> [Exercise] Retype the records below from their first line through the line holding "Even though, Wright's", including both ends and no pictures.
##### Exercise data
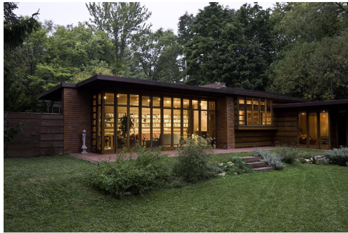
Figure 1. First Jacobs house (Lind, 1994).

Even though, Wright's Jacobs Houses and Broadacre City, technically, are mostly old and already well known in-
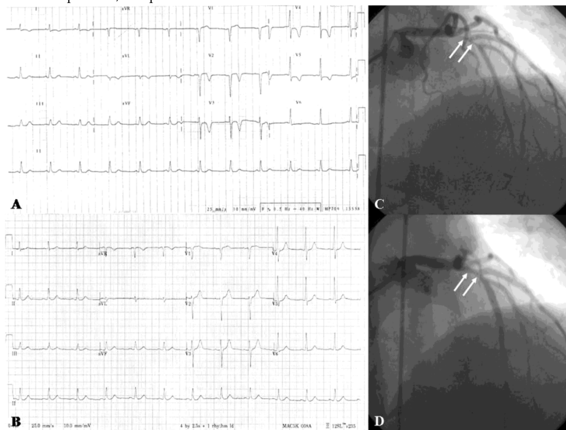
Figure 1. (A) Twelve-lead electrocardiogram in a 50-year-old male showing T-wave inversion in leads I, aVL, V 2-6 . (B) Normal electrocardiogram after 6-month treatment with diltiazem. (C) More than 90% spontaneous vasospasm in the proximal left anterior descending artery (arrows). (D) The vasospasm was relieved after intracoronary administration of 100-µg nitroglycerin (arrows). (Reproduced from Hung MY, Hsu KH, Hung MJ, Cheng CW, Kuo LT, Cheng WJ. Interaction between cigarette smoking and high-sensitivity C-reactive protein in the development of coronary vasospasm in patients without hemodynamically significant coronary artery disease. Am J Med Sci. 2009; 338(6): 440-446, with permission of the publisher. Copyright © Wolters Kluwer Health, 2009.)

While VF can often be terminated by cardioversion [15], VF rarely terminates spontaneously [39] as CAS-related spontaneous reversion of VF has been reported to do [40]. Spontaneous termination of VF has been documented in a 62-year-old woman following an acute postero-lateral myocardial infarction [41], a 67-year-old woman with a syncopal episode after awakening from sleep [42], and a 21-year-old woman during exertion at night [43], although CAS was not documented in those reports. In a study of VF episodes in patients with implantable cardioverter defibrillators [44], 43% were asymptomatic and 40% were nonsustained episodes. If VF is <10 seconds in duration then the incidence of syncope or pre-syncope is 25%, compared with 62% if the arrhythmia is \geq 10 seconds. Therefore, CAS should be considered in the differential diagnosis of syncope.
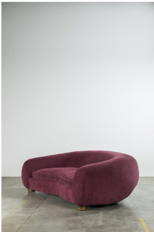
Jean Royère (1902-1981) "Polar bear" sofa, Ca. 1947
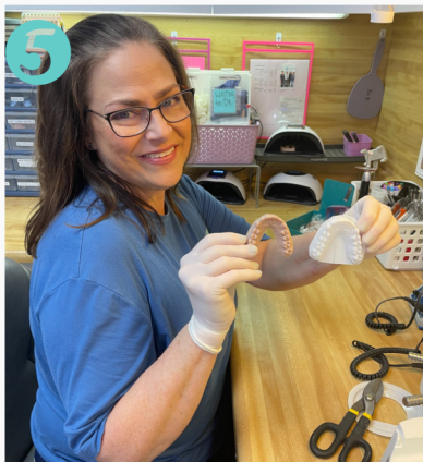
5 Undercuts are blocked out and the Biostar is used to vacuum-form the thermoplastic material onto the model.
##########
> [Finished exercise]
Figure 1. First Jacobs house (Lind, 1994).

Even though, Wright's Jacobs Houses and Broadacre City, technically, are mostly old and already well known in-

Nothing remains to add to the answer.